November 27, 2018

What happens if the Scoring Matrix changes?

In general, when the Scoring matrix changes, then the optimal alignment also changes

For example, if mismatches are expensive then the method may use more gaps

But if we multiply every score by a positive constant, then the alignment does not change

What happens if the Scoring Matrix changes?

For example, if we align DNA with

  • +10 for match and
  • -20 for mismatch,

every decision will be the same as when the score is

  • +1 for match and
  • -2 for mismatch

The alignment is invariant to scale changes

The alignment does not change if the scoring matrix \(S\) is replaced by another matrix \(\lambda S\)
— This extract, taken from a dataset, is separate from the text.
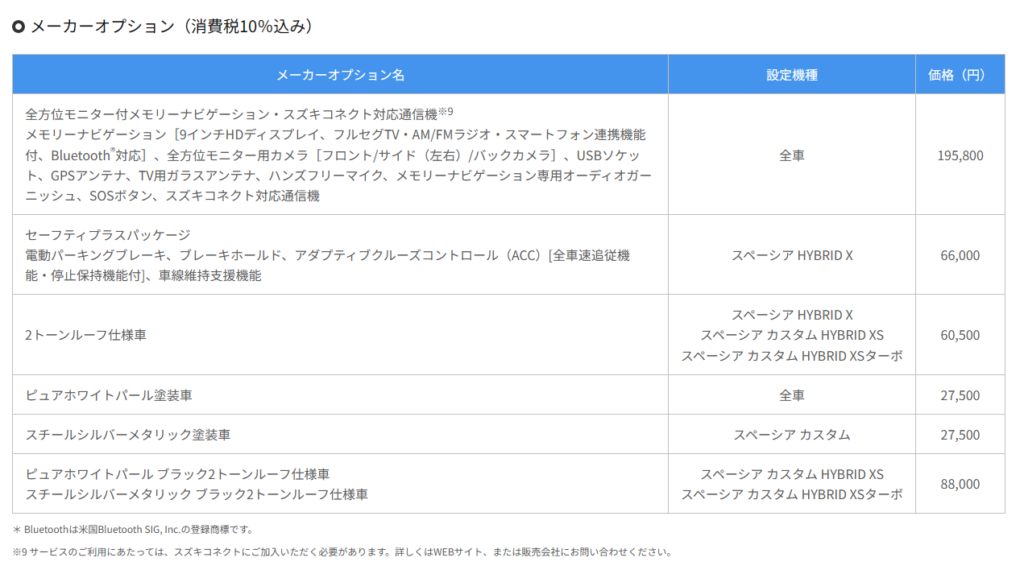 - ドライブレコーダー連動、HDMI入力対応、スズキコネクト連携機能を新たに搭載した、スマートフォン連携メモリーナビゲーションをメーカーオプションとして設定しました。
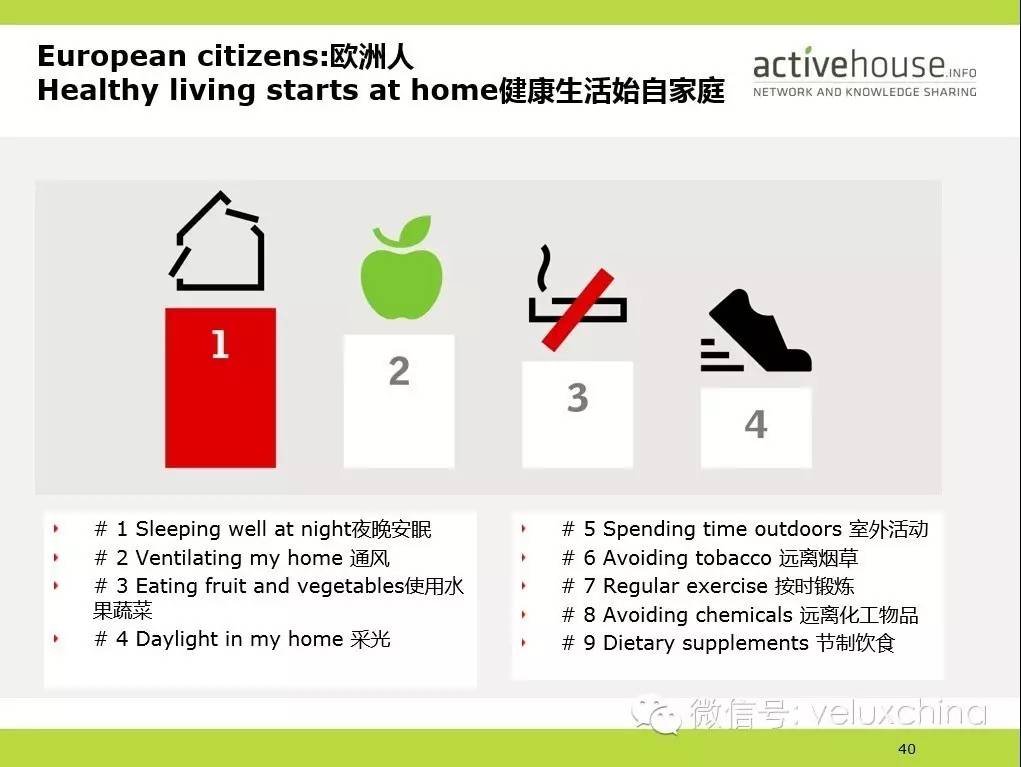 Active House主动式建筑国际联盟主席KurtEmil Eriksen详细阐述了主动式建筑的愿景、细则、指南及评价体系,从2015年对12个国家1万2千个欧洲家庭的健康建筑调查报告中,不难看出,占据人们健康生活首要地位的是舒适的建筑,这也是主动式建筑所关注的。

(this is valid for any positive number \(\lambda\))

What is the best \(\lambda\)?

To answer that question we have to understand how the Scoring matrices are built

Reference alignments

As we have seen, scoring matrices are built based on a previous alignment

Margaret Dayhoff took 71 families of closely related proteins

Inside each family all sequences had at least 85% of identical residues

She built the alignments manually, and calculated the frequency of mutation for each pair of residues

Reference alignments

The same procedure was done by Henikoff and Henikoff, but using only the conserved domains of proteins

In both cases, they observed each residue

  • \(a\) on the first sequence, and
  • \(b\) on the second sequence

and they calculated the proportion \(r_{ab}\) of residues \(a\) aligned to \(b\)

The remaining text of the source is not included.